Il était bon, naturellement et sans dehors, pour les meskines et parfois aussi pour les passages déçus d'une aventure et se trouvant en instance de rapatriement. Au bureau et dans nos magasins j'en ai eu à l'improviste des exemples qui n'étaient pas extraordinaires mais m'ont cependant surpris car ils ne paraissaient pas aller avec son genre froid et plutôt fermé. Mais il n'y aurait même pas sujet de parler de ses travers ou actes de solidarité, s'il ne s'agissait de Rimbaud qui reste tellement en vue."

Souvenirs 3

"Au cours du mois de mai Arthur Rimbaud tombe malade mais ne reste alité que dix ou quinze jours. Se sentant mieux, il demande à partir pour Boubassa, dans le sud. C'est le point extrême atteint par une colonne égyptienne au temps de Raouf Pacha (le conquérant et le premier gouverneur égyptien du Harar). [...]

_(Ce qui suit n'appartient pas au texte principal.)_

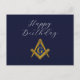 Navy Blue, Joyeux Anniversaire carte Franc-Maçon. Carte postale d'anniversaire avec équerre et compas Maçonnique. Veuillez la personnaliser avec votre propre texte ou la supprimer et écrire vos propres mots à la main.
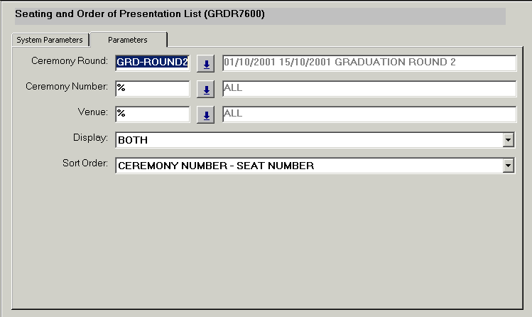 This report can be run on-line or in batch mode in job scheduler. Preparation for this report involves performing a number of activities within the Graduations subsystem. Initial ordering of groups of graduands is performed at award level and optionally at unit set group level, in GRDF2110 and GRDF2120 respectively. Once the graduands in a particular ceremony are identified, each attending graduand is allotted an order number within a ceremony by running GRDJ5200. Seat numbers are allocated manually in GRDF4210.This report produces a list based on the allotted order or seat numbers for a particular ceremony round, ceremony or venue, depending on the parameters selected. |

J'accepte de tenter l'essai, espérant ainsi que Rimbaud rapportera au moins des renseignements intéressants et favorables à l'extension de notre factorerie. Quelques chameaux chargés de cotonna des diverses sont préparés pour cette expédition."

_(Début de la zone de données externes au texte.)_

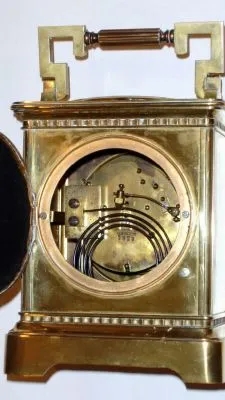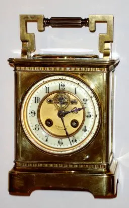 French, Oversize carriage clock, with fancy platform/lever on the dial below 12. Also with compass and thermometer set into the top of the case, showing both Fahrenheit and Reumer scales, striking on a gong, retailed by the White House in San Francisco, C
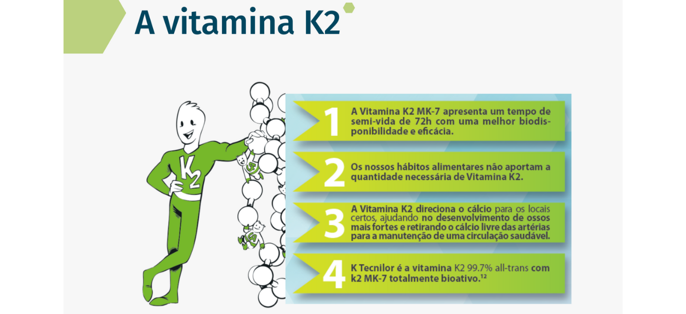 Trata-se de uma proteína capaz de ligar o cálcio à matriz óssea, reforçando, assim, o esqueleto. A atividade da vitamina K2 insere-se num aumento no processo de formação de osso e diminuição de perda óssea.
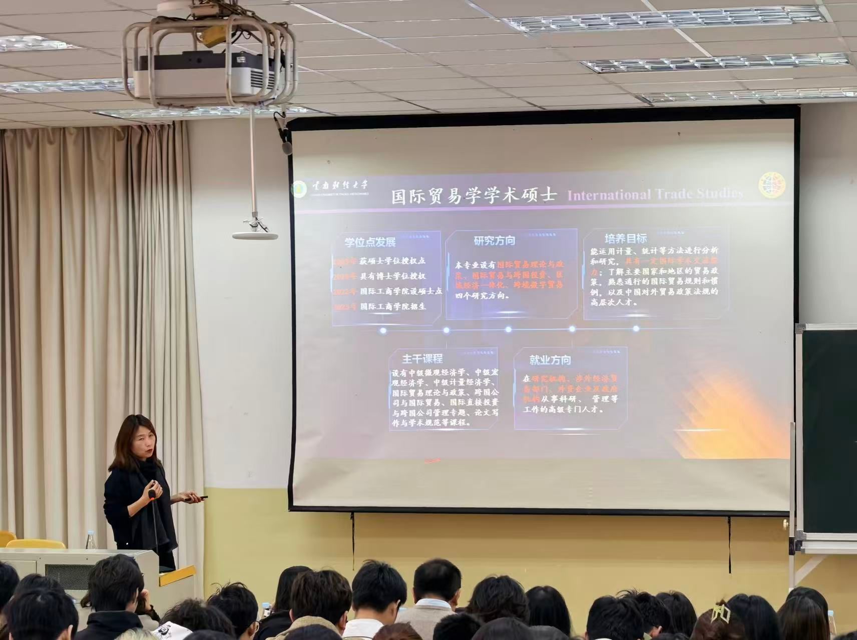 本次活动围绕“早规划、明方向、强行动”为主线,议程紧凑、内容务实。首先,学院分管本科教学副院长张俊婕进行学院整体情况,并对国外合作院校及相关项目进行了系统解读,帮助同学们深入了解国际化培养路径与出国深造的多元选择。随后,学院分管研究生工作副院长刘丽芳围绕学院硕士研究生专业,从专业特色、培养方向与发展前景等方面进行介绍,进一步加深同学们对研究生阶段学习目标与能力要求的理解。

"Au moment de partir à la tête de son petit convoi, Rimbaud entoure sa tête d'une serviette en guise de turban et drape par-dessus son vêtement habituel une couverture rouge. Son intention est de se faire passer pour musulman. Ce costume qui nous fait rire doit être moins ridicule aux yeux des indigènes, à peu près nus dans des peaux de chèvres épilées et rougies, ou dans des tobes' écourtés et sales, que nos culottes et nos vestes à manches. Rimbaud, qui s'amuse comme nous de son accou trement, convient que la couverture rouge qui orientalise son costume européen sera peut-être un appât pour quelques pillards, mais il tient, pour le prestige de la maison, à être considéré comme un riche marchand mahométan."

Souvenirs 4

"Au bout de quinze jours, pendant lesquels nous n'avons aucune nouvelle, écrit Bardey, Rimbaud revient très fatigué. Obligé de s'aliter il est, pendant une semaine, plus mal qu'avant son départ. Il a cru plusieurs fois sa dernière heure venue." Protégé par le Boko de Boubassa (chef galla) il a créé, en deçà et au delà du village mais très voisins, deux marchés dans la brousse, où viennent, d'assez loin, des vendeurs indigènes, hommes et femmes. La tranquillité n'y règne pas toujours. Sur les conseils du Boko et avec son aide, il a payé deux vigoureux Gallas par marché, qui y font office de gendarmes Il nous dit avoir été plusieurs fois obligé d'intervenir avec ses gendarmes pour séparer des batailleurs au moment où ceux qui avaient le dessous allaient subir la mutilation habituelle."

Souvenirs 5

"A Harar, les opérations continuent comme précédemment, Sotiro activant de plus en plus ses voyages au-dehors sous la direction de Rimbaud que sa fonction de chef d'agence empêche de trop s'écarter de la ville. Des expéditions importantes ont lieu, dont la principale est le voyage de Sotiro en Ogaden, grande contrée inexplorée du centre du Somal et bordant les Gallas à l'ouest. [...]

Puis je reçois le rapport précis "Notes sur l'Ogaden", établi par Rimbaud d'après les rensei gnements recueillis et les notes rapportées par Sotiro, notre employé grec, au cours de ses explorations en ce pays grand comme la moitié de la France, inexploré et inconnu en-dehors de quelques indigènes venant de temps en temps au Harar. J'adresse ce rapport à la Société de Géographie et il est bientôt reproduit partout."

 

- Souvenirs d'Alfred Bardey. Extraits de son journal resté manuscrit : "Ber Ajem (Terre inconnue)". Études rimbaldiennes, 1, 1968.